- **WHAT THIS TASK INVOLVES**: The copy should hold exactly the lines below from the one that contains "Shifting from social" through the one that contains "- Åpning til" and nothing else, so no pictures.

- **DATA FOR PROCESSING**:
--------
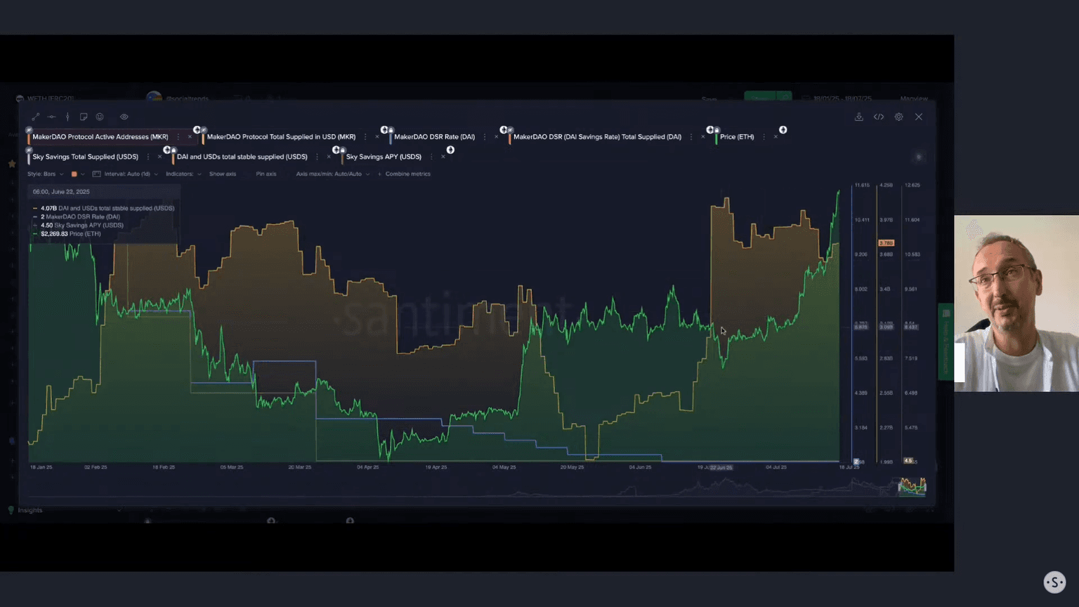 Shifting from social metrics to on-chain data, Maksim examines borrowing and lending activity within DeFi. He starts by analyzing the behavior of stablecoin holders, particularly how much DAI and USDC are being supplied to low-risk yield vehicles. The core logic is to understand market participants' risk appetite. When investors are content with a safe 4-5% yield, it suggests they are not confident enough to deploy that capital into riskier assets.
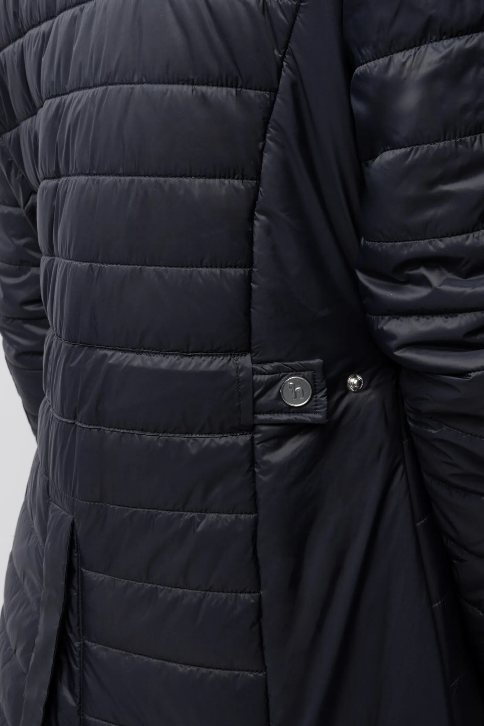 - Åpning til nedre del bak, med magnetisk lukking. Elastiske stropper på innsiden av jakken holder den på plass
--------
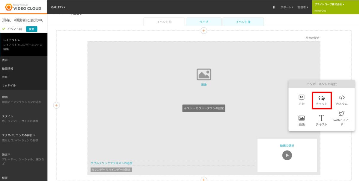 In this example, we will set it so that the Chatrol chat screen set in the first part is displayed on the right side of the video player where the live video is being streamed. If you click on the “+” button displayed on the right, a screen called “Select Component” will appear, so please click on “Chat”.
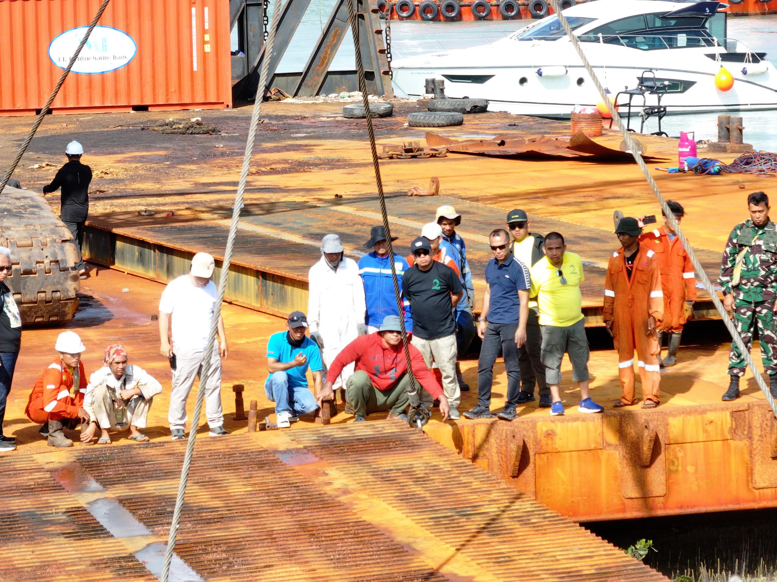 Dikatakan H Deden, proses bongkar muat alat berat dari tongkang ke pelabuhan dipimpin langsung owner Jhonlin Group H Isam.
--------
- **RESPONSE AREA**:
 Shifting from social metrics to on-chain data, Maksim examines borrowing and lending activity within DeFi. He starts by analyzing the behavior of stablecoin holders, particularly how much DAI and USDC are being supplied to low-risk yield vehicles. The core logic is to understand market participants' risk appetite. When investors are content with a safe 4-5% yield, it suggests they are not confident enough to deploy that capital into riskier assets.
 - Åpning til nedre del bak, med magnetisk lukking. Elastiske stropper på innsiden av jakken holder den på plass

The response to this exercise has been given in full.